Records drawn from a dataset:
==================================================

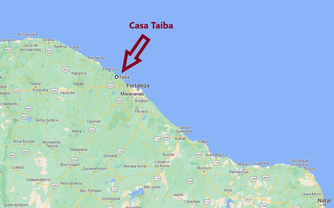 Taíba Beach is a beach in the Brazilian state of Ceará. It is located 76 km from Fortaleza Airport. Taíba is a charming fishing village with growing infrastructure, known for its paradisiacal beaches, ideal for water sports such as surfing, kitesurfing, wingfoiling, and windsurfing. In fact, several international championships are held on this beach.
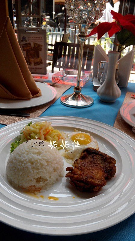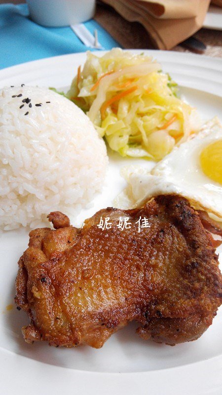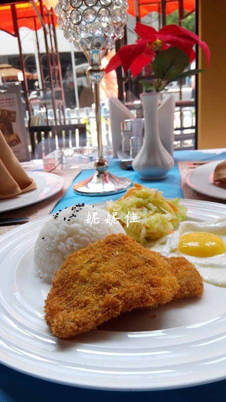 香茅猪扒饭:两小块炸猪排。猪扒有很淡的香茅草的味道,基本就是油炸味。
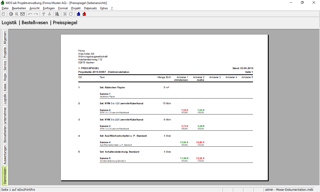 einen Preisspiegel erstellen, um einfach entscheiden zu können, welches Angebot
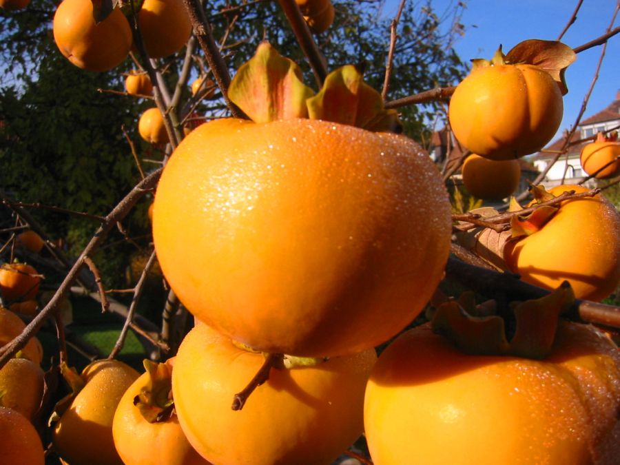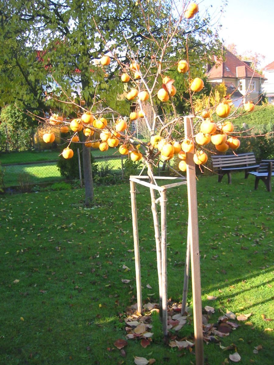 Seit 2000 gepflanzter Kaki mit reichlichem Fruchtbehang(Herkunft Riva)
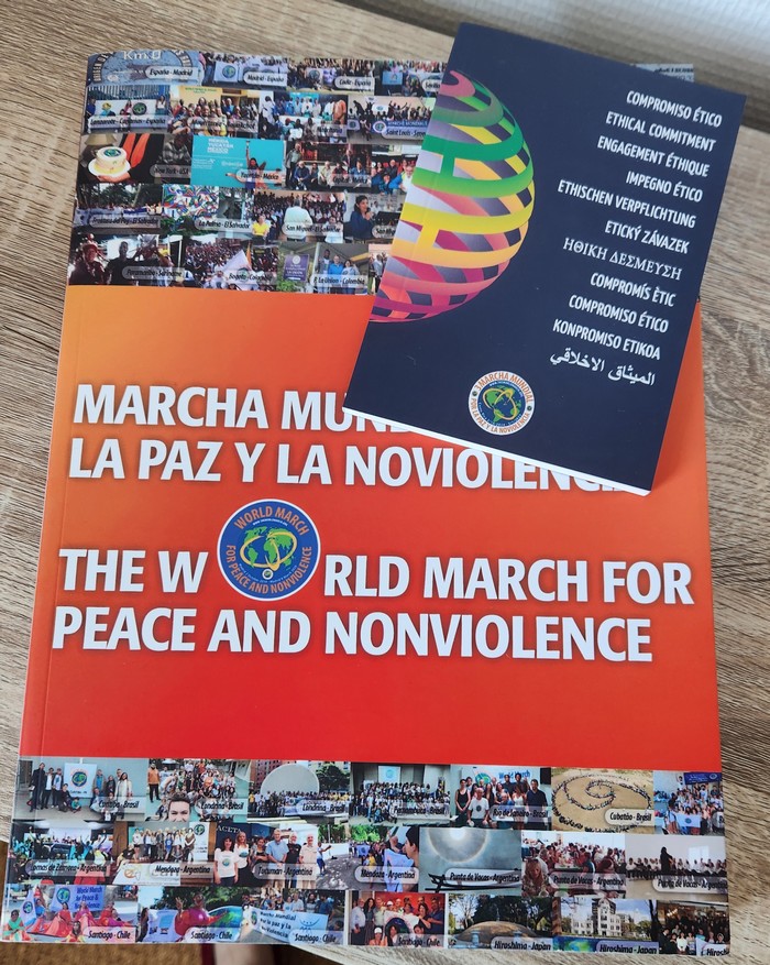 Cette journée a été l’occasion de partager nos expériences de différentes actions en faveur de la paix, notamment la Marche Mondiale pour la Paix et la Nonviolence[4] et d’offrir aux marcheur·euse·s  l’Engagement Éthique, un texte en plusieurs langues qui appelle à mettre les connaissances, les compétences, les progrès de la science au service de la Vie.
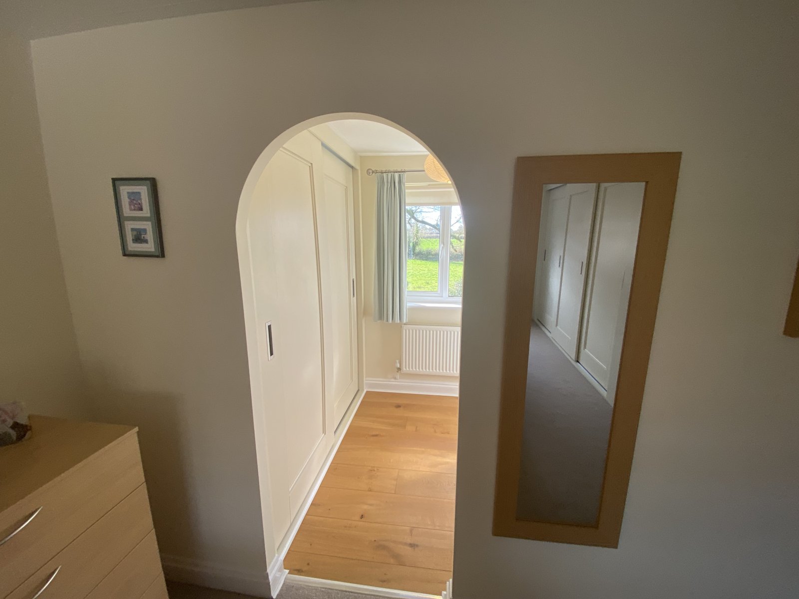 Carpeted, ceiling light, uPVC window to fore, tv and telephone point, built in wardrobes, archway to dressing room.
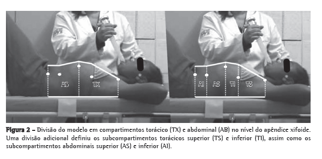 Após os testes iniciais, foram posicionados marcadores de superfície planos, esféricos, de 13 mm de diâmetro nos seguintes pontos: (1) espinhas ilíacas ântero-superiores; (2) nível da cicatriz umbilical, projetado lateralmente; (3) ângulo inferior da cartilagem da décima costela; (4) nível do apêndice xifoide, projetado lateralmente; e (5) nível da incisura jugular do manúbrio esternal, projetado lateralmente. Tais referências serviram de âncora para a delimitação geométrica de compartimentos toracoabdominais nas imagens adquiridas durante a realização das MIV. O traçado final resultou em adaptação para a postura deitada do modelo BAMER.(11)
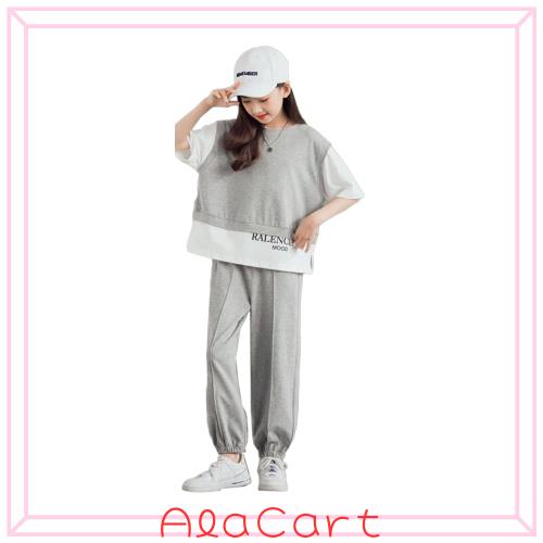 ◆商品名:[CREAM] 子供服 キッズ 女の子 ジャージ 上下セット 半袖シャツ パンツ ガールズ 2点セット スポーツウェア ロングパンツ 運動着 スウェ

==================================================

● **Try it**: Word for word, set down every line of the records above, and leave the pictures out.

● **Response**:
 Taíba Beach is a beach in the Brazilian state of Ceará. It is located 76 km from Fortaleza Airport. Taíba is a charming fishing village with growing infrastructure, known for its paradisiacal beaches, ideal for water sports such as surfing, kitesurfing, wingfoiling, and windsurfing. In fact, several international championships are held on this beach.
 香茅猪扒饭:两小块炸猪排。猪扒有很淡的香茅草的味道,基本就是油炸味。
 einen Preisspiegel erstellen, um einfach entscheiden zu können, welches Angebot
 Seit 2000 gepflanzter Kaki mit reichlichem Fruchtbehang(Herkunft Riva)
 Cette journée a été l’occasion de partager nos expériences de différentes actions en faveur de la paix, notamment la Marche Mondiale pour la Paix et la Nonviolence[4] et d’offrir aux marcheur·euse·s  l’Engagement Éthique, un texte en plusieurs langues qui appelle à mettre les connaissances, les compétences, les progrès de la science au service de la Vie.
 Carpeted, ceiling light, uPVC window to fore, tv and telephone point, built in wardrobes, archway to dressing room.
 Após os testes iniciais, foram posicionados marcadores de superfície planos, esféricos, de 13 mm de diâmetro nos seguintes pontos: (1) espinhas ilíacas ântero-superiores; (2) nível da cicatriz umbilical, projetado lateralmente; (3) ângulo inferior da cartilagem da décima costela; (4) nível do apêndice xifoide, projetado lateralmente; e (5) nível da incisura jugular do manúbrio esternal, projetado lateralmente. Tais referências serviram de âncora para a delimitação geométrica de compartimentos toracoabdominais nas imagens adquiridas durante a realização das MIV. O traçado final resultou em adaptação para a postura deitada do modelo BAMER.(11)
 ◆商品名:[CREAM] 子供服 キッズ 女の子 ジャージ 上下セット 半袖シャツ パンツ ガールズ 2点セット スポーツウェア ロングパンツ 運動着 スウェ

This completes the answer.